Tech means nothing without good intensions – Coffee Break (Six)

We invite colleagues, competitors, clients and other skilled people from the industry for a coffee. Today’s guest is Gunther Sonnenfeld, a global brand strategist & social technologist; he serves as the SVP of Cultural Innovation & Applied Technology for RAPP (Omnicom Group), where he oversees experience planning, content strategy and analytics initiatives for clients such as Adobe, Skype, Toyota, Unilever and Bank of America. In his free time, Gunther is an adjunct professor at Miami Ad School, and is the co-Founder of ThinkState, a consultancy devoted to social innovation. He is working on his second book entitled, “A Literacy of the Imagination”, an exploration of the storytelling paradigm and its influence in shaping the collaborative economy. Gunther lives in Los Angeles, California.

What inspires you?

The human condition. Everything creative and exploratory revolves around feelings, behaviors and subsequent actions, and more importantly, how we can create things that can motivate people to think and act differently, to improve the environments in which they live. To my mind, this is the responsibility of media — whether you tell stories, make art, write copy, broker inventory or build technology… Which is why I have involved myself in all of those things in one capacity or another. It’s the reason why I became a “generalist”. It’s ultimately why I believe in brands.
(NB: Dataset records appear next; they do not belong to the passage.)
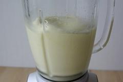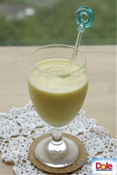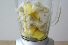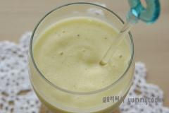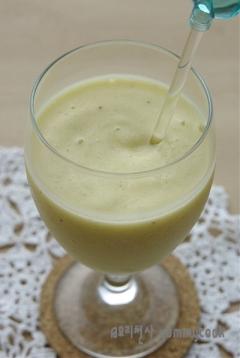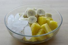 바나나1개 (얼린 것) , 파인 애플 200g, 레몬즙 2큰술, 조각얼음 1컵, 물 1/2컵,
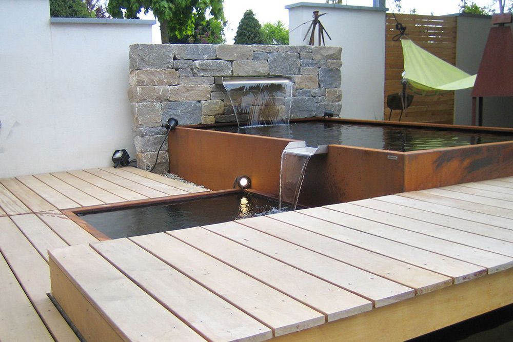 Beliebt sind Holzdecks am Pool oder als Terrassenbelag: Barfußfreundlicher als Stein- oder Betonbeläge und mit warmer Ausstrahlung. Bei Terrassendielen aus Holz gibt es Materialien, die bis zu 25 Jahre halten und sich mit der natürlichen Beschaffenheit angenehm anfühlen. Chemisch umgewandelte Holzdielen, die oft bei Holzbelägen eingesetzt werden, sind wartungsfrei. Holzdecks sind eine gute Alternative zu Plätzen und Terrassen aus Beton oder Stein.
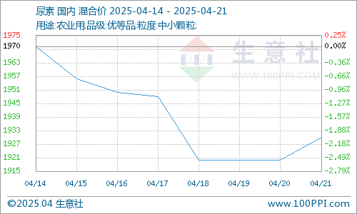 据生意社商品行情分析系统,截止4月21日,国内尿素市场参考均价为1913元/吨,较4月14日市场参考均价1970元/吨,国内尿素市场价格下跌幅度为2.88%。
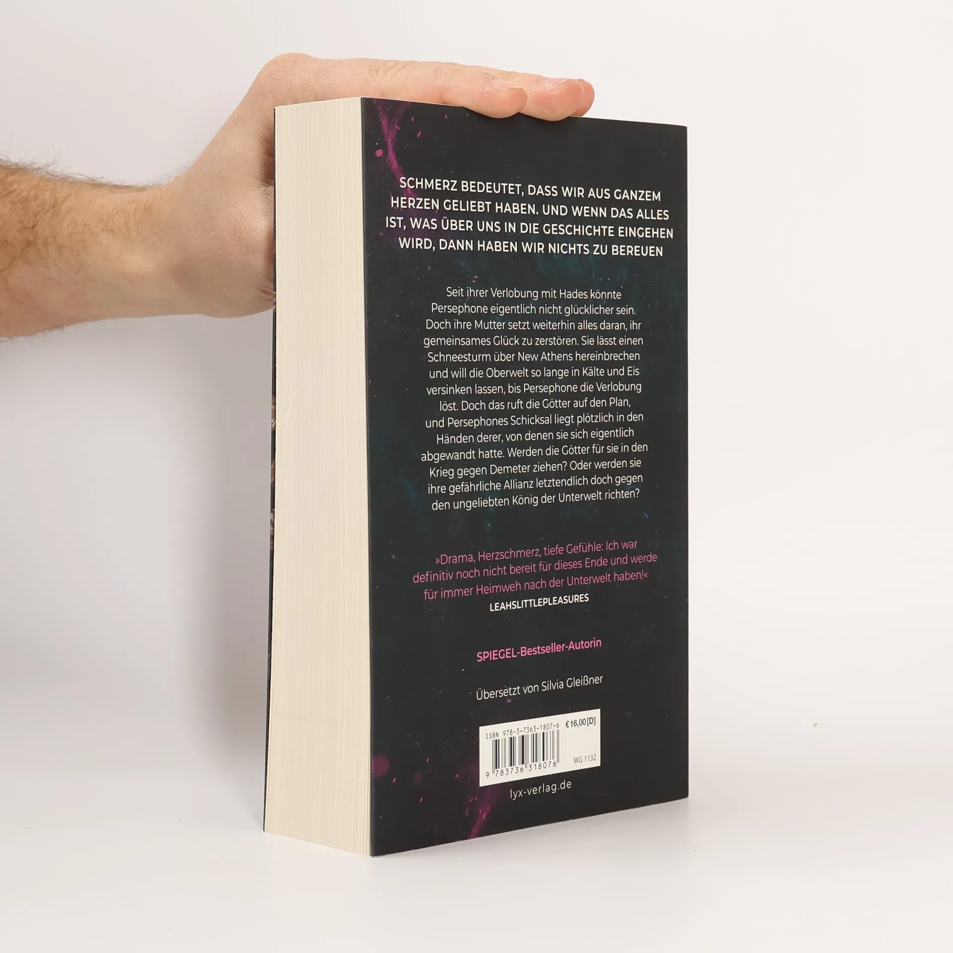 Schmerz bedeutet, dass wir aus dem ganzen Herzen geliebt haben. Und wenn das alles ist, was über uns in die Geschichte eingehen wird, dann haben wir nichts zu bereuen Seit ihrer Verlobung mit Hades könnte Persephone eigentlich nicht glücklicher sein. Doch ihre Mutter setzt weiterhin alles daran, ihr gemeinsames Glück zu zerstören. Sie lässt einen Schneesturm über New Athens hereinbrechen und will die Oberwelt so lange in Kälte und Eis versinken lassen, bis Persephone die Verlobung löst. Doch das ruft die Götter auf den Plan, und Persephones Schicksal liegt plötzlich in den Händen derer, von denen sie sich eigentlich abgewandt hatte. Werden die Götter für sie in den Krieg gegen Demeter ziehen? Oder werden sie ihre gefährliche Allianz letztendlich doch gegen den ungeliebten König der Unterwelt richten? „Drama, Herzschmerz, tiefe Gefühle: Ich war definitiv noch nicht bereit für dieses Ende und werde für immer Heimweh nach der Unterwelt haben!“ LEAHSLITTLEPLEASURES Band 3 der HADES& PERSEPHONE-Trilogie von Bestseller-Autorin Scarlett St. Clair

How do you keep exploring and learning?

I am constantly collaborating with people I respect and admire, all over the world. My technology work in particular has offered me enriched perspectives. When you build a technology platform (especially one with a “social” bent), you see things in people and within yourself that reveal nuances in how we interact, express ideas and converge around problems. I say this with the caveat that I definitely learn a ton from people through things like social media, but I’ve gleaned far more from the relationships themselves than the content or ideas we’ve shared. I suppose the lesson is this: Invest in culture and the world repays you in spades.

When where you amazed last?

Yesterday, at a breakfast spot I frequent. I chatted it up with an older gentleman who is a retired journalist and who told me that “all communication boils down to a connection between people, and that connection is what makes a story”. As he checked his Facebook page, he went on to explain that technology means nothing without the good intentions behind it, and the potential to tell better stories that change people’s lives. Pretty sage words.
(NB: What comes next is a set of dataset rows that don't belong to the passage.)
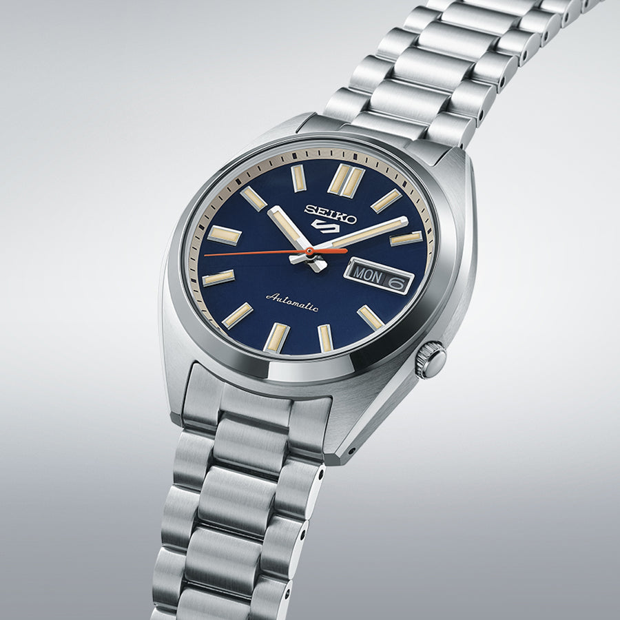 The 5 Sports models released since the 1970s are characterized by orange second hands and sporty dial colors.
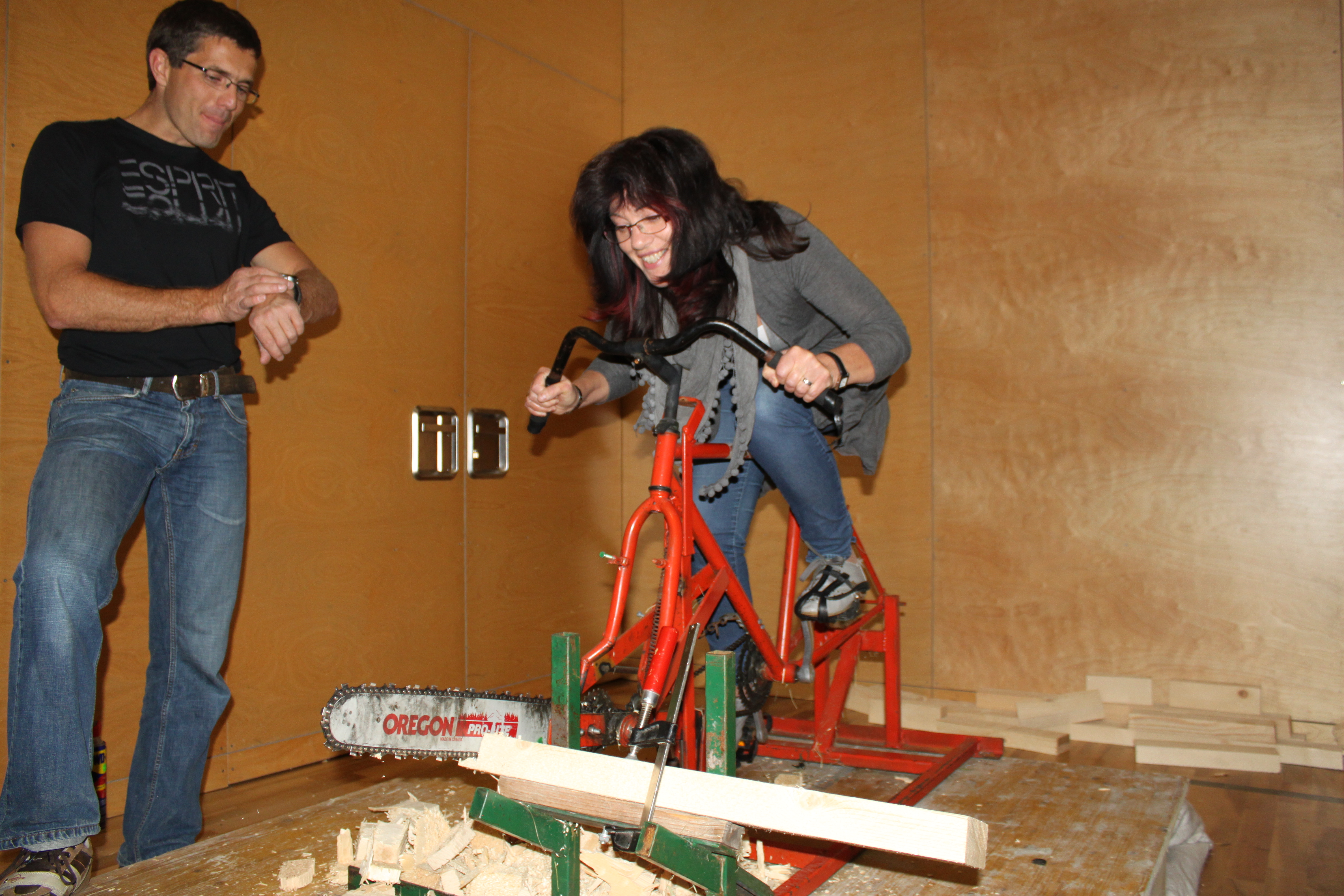 Das Fahrradsägen war für Carmen Nachbaur (Obfrau Kapellenverein) no problem.
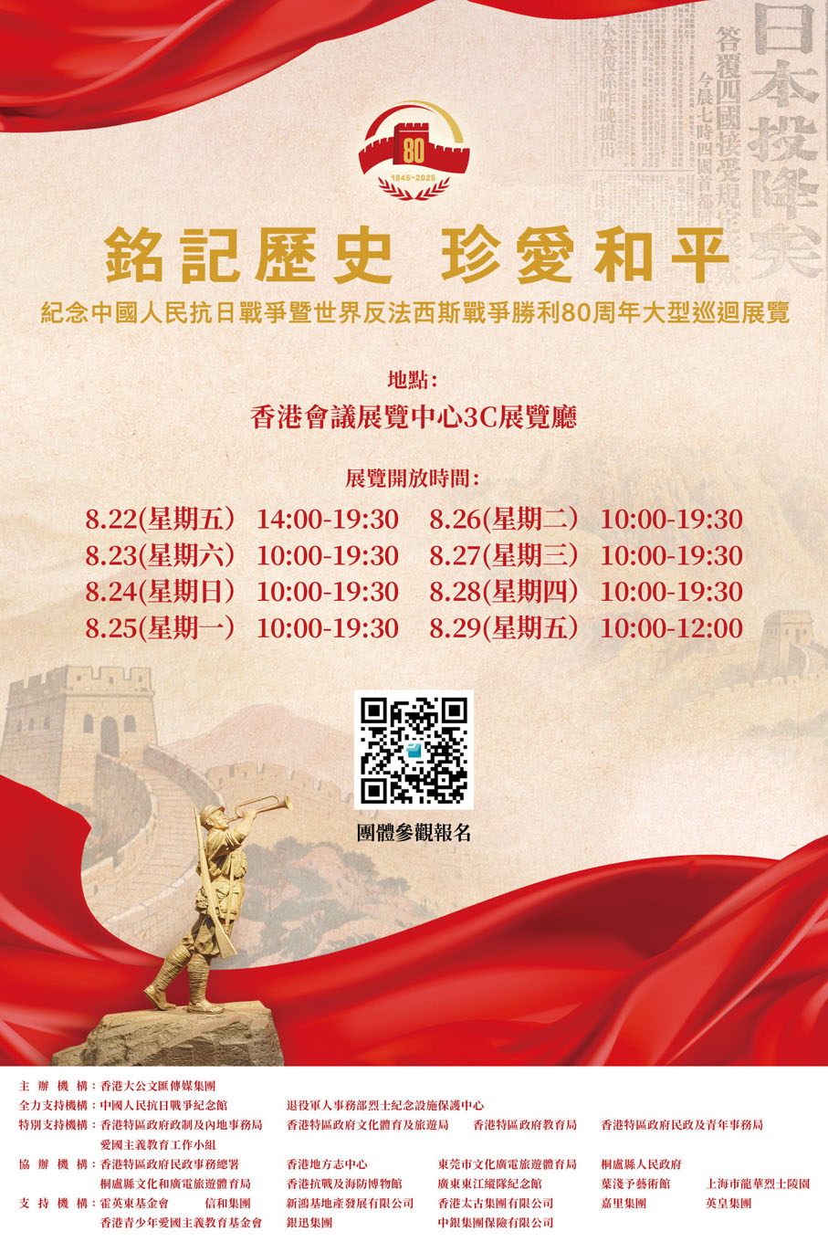 由大公文匯傳媒集團主辦的「銘記歷史 珍愛和平——紀念中國人民抗日戰爭暨世界反法西斯戰爭勝利80周年大型巡迴展覽」將於8月22日至8月29日假香港會議展覽中心3C展廳舉辦。
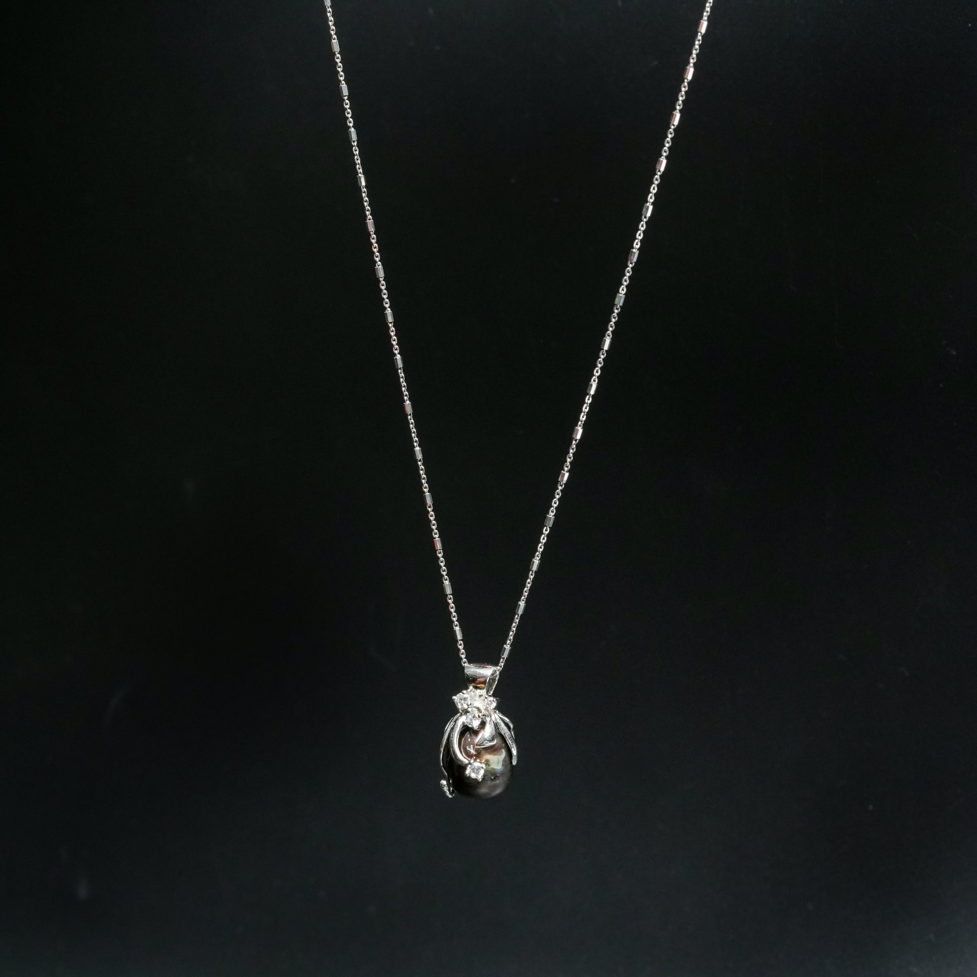 This silver pendant necklace features a deep-toned natural pearl with rich iridescence, cradled in an artistic vine-inspired silver setting. Sparkling stone accents add subtle brilliance, making it a refined statement piece for both day and evening wear.

What is your favourite resource library?

My network.

What’s the biggest challenge the digital communications industry is facing right now, and do this lead you to some predictions?

Context.
We don’t take enough time as businesses to connect the dots between what we do, why we do it and how it really matters to the clients we represent. We don’t ask enough of the right questions, and we’re often not bold or confident enough to push back on clients because we’re afraid of what they might say or do. Fact is, we create a ton of media in the form of blogs, banners, rich media and the like, and we do very little to sustain those efforts outside of campaigns. This circles back to context: what do we want and need from our consumer cohorts? How can we enlist them in sustainable growth strategies that help a client’s business and solidify our own value as agencies?
A prediction: brands will literally own the content publishing space within the next 2-3 years, and they will also be the gatekeepers in making movies, producing TV shows and delivering multi-platform content experiences. Another prediction: the agencies that can help curate meaningful content, develop utility-based applications and deliver critical consumer insights as well as market intelligence will win in this game and remain relevant; some of these agencies will produce work they never thought possible, blending the lines between “long-form”, “short-form” and “any form”.